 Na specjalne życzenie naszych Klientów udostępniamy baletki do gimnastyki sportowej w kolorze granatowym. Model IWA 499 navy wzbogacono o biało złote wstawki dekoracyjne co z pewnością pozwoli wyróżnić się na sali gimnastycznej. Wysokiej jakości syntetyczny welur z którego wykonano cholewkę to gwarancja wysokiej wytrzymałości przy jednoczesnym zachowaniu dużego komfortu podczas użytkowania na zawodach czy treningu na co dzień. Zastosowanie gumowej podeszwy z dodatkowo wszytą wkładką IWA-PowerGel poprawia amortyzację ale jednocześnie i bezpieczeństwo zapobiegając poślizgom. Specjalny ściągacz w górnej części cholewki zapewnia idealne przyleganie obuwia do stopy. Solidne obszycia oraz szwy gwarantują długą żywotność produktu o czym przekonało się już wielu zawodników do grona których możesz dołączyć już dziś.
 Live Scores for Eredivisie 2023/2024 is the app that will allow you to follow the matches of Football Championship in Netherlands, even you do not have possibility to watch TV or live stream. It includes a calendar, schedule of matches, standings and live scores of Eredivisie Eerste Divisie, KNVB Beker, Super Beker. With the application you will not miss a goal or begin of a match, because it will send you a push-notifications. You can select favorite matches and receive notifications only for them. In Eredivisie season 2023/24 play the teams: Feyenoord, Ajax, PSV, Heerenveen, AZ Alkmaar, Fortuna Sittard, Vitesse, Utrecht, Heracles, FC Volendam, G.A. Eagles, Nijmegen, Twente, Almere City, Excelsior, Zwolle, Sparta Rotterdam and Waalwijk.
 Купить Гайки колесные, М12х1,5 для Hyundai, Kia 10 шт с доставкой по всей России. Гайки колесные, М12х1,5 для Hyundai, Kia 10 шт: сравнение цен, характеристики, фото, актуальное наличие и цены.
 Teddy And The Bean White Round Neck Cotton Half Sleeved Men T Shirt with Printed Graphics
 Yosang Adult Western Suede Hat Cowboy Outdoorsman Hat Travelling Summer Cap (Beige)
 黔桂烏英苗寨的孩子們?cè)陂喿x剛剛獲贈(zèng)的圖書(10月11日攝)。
----
**PROBLEM**
Set down exactly what runs from the line containing "Teddy And The" through the last line above, both lines included.

**YOUR RESPONSE**
 Teddy And The Bean White Round Neck Cotton Half Sleeved Men T Shirt with Printed Graphics
 Yosang Adult Western Suede Hat Cowboy Outdoorsman Hat Travelling Summer Cap (Beige)
 黔桂烏英苗寨的孩子們?cè)陂喿x剛剛獲贈(zèng)的圖書(10月11日攝)。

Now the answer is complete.